Así, por ejemplo, cuando se
plantean opciones alternativas relativas a la política de seguridad ciudadana,
todos saben de antemano que se están refiriendo al problema del incremento de
la delincuencia, al atentado a las personas o a la propiedad por parte de
terceros. Entonces, las propuestas alternativas de política se entenderán como
soluciones a ese problema. Esto define el contenido de la política de seguridad
pública. De tal forma que los distintos candidatos formularán opciones para
gestionar tal problema, con la libertad que otorga lo político.
Lo que queremos argumentar aquí
es que en el caso de la política ambiental tradicionalmente la descripción del
problema que justifica la política está estructuralmente mal definido y que
ello conlleva a un errado diseño del papel de la acción pública en materia
ambiental.
De forma muy simple, pero
generalizada, entendemos que el problema que justifica la política ambiental es
el deterioro del medio ambiente producto de la acción humana. Hasta ahí lo
ambiental no se diferencia mucho de otros problemas de política, en el sentido
que es un problema el que justifica la acción pública.
Sin embargo, parte fundamental
del ejercicio de formulación de políticas públicas es que el problema de
política se entienda como un problema entre problemas.
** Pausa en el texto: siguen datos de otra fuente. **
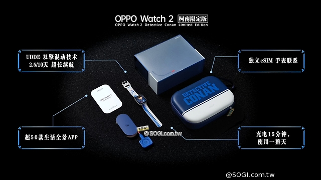 OPPO Watch 2 柯南限定版採用白色錶帶,搭配藍色動漫圖示,原廠取名為「命運之輪」;內建 10 種專屬錶盤,並將柯南、灰原等動漫人物放到久坐通知畫面中。專用充電器也可看到《名偵探柯南》元素,代表的藍色中間印上配角毛利小五郎的頭像;同時藍、白配色打造專屬收納包。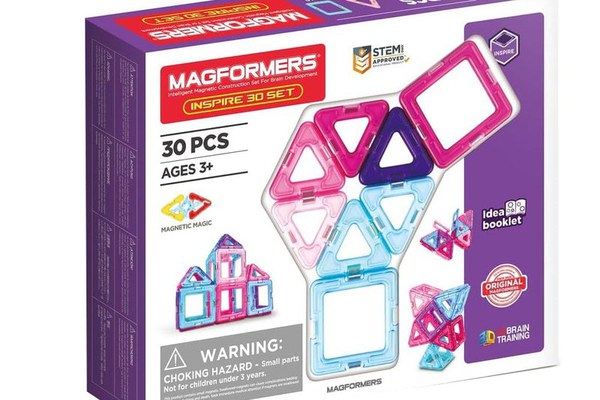 Jocul magnetic de constructie Magformers - 30 piese este compus din 12 triunghiuri si 18 patrate magnetice, in culori stralucitoare de curcubeu. Este setul perfect care va introduce in lumea magica, magnetica creata de Magformers, dar este si un supliment minunat pentru oricare alt set din colectie.\n\nProvocarea suplimentara consta in testarea capacitatilor copiilor, deoarece doar anumite parti ale componentelor contin magneti! Toate piesele sunt 100% compatibile cu alte seturi Magformers.
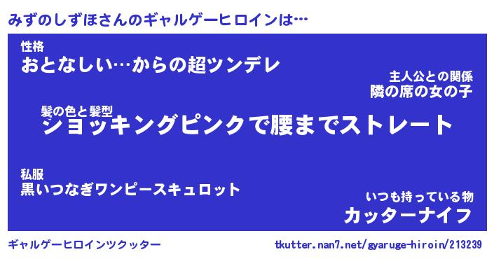 | ヒーロー風カッコイイあだ名 | 『スーパーミズノシズホ』『天弓騎士ミズ』 |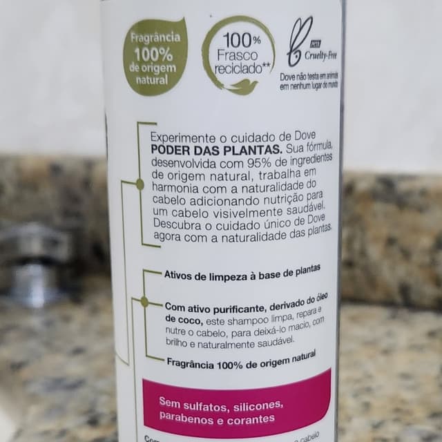 Produzido com 95% origem natural! Frasco 100% reciclado. Não realiza teste em animais. Nutrição para cabelos danificados! Cheirinho muito bom. Deixou os cabelos bem macios.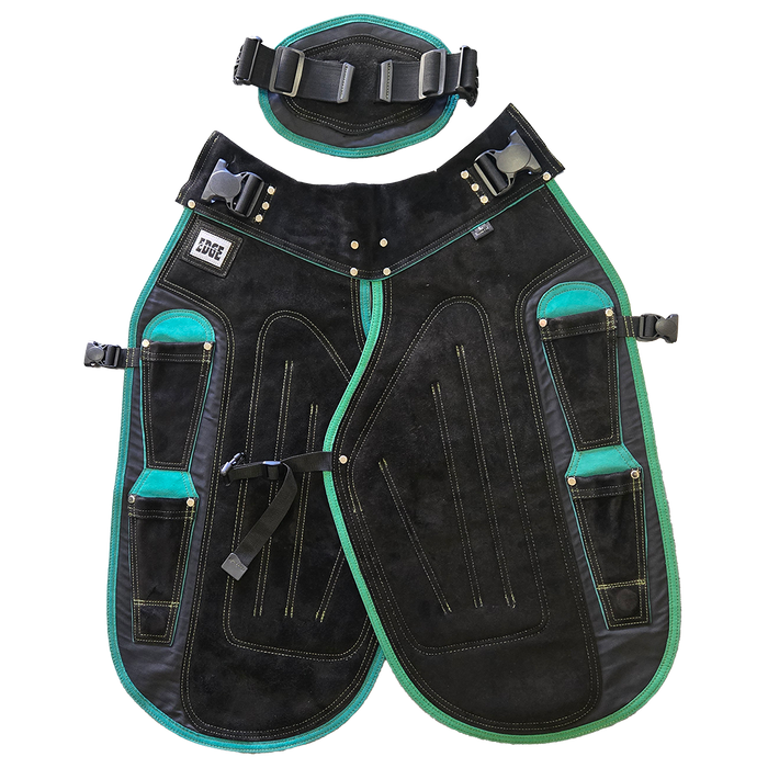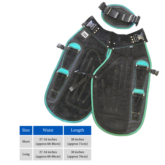 The Edge Women’s Apron is designed to provide tailored comfort and protection for female farriers. Providing all the same features as the Men’s variant but designed to accommodate key anatomical differences such as wider hips, the Edge Women’s Apron is available in short and long options.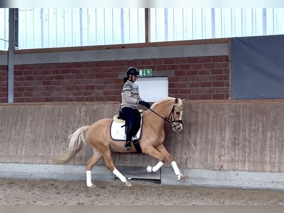 Dieser bildschöne Palominowallach überzeugt nicht nur mit drei sehr guten GGA, sondern auch mit einem tollen Interieur. Auf Grund seiner hohen Rittigkeit und seiner idealen Größe sicherlich ein tolles Nachwuchspony für den FEI Sport oder auch für das Bundeschampionat 2026. Er macht bereits spielerisch Außengalopp und Seitengänge. Ein absoluter Schatz im täglichen Handling. Putzen, Waschen, Schmied. Alles völlig problemlos. Ein guter Züchtertüv liegt bereits vor.

Es decir, es justamente
la función de cada opción política gradar de distinta forma el tratamiento de
los problemas, y así diferenciarse las unas de las otras.
En el extremo esto supone que
el problema de política debe estar formulado de tal forma que para alguna
opción política debe ser perfectamente argumentable que la sociedad pueda vivir
con el problema en cuestión porque propone prestarle muy poca atención.
Si esto no fuese posible,
entonces, no se trataría de problemas de política pública, de algo de lo cual
el Estado debiera preocuparse de forma permanente, sino que de una emergencia
pública, que requiere una solución ya: un incendio, una catástrofe, que se
extingue como tal problema una vez se solventa.
Aquí es donde reside el sesgo
que ha caracterizado la formulación del problema de política ambiental, pues
éste no se ha planteado como un problema entre problemas, sino como una
emergencia existencial. Está formulado como un dilema civilizatorio, frente a
la cual no cabe excusa de dilación en la acción.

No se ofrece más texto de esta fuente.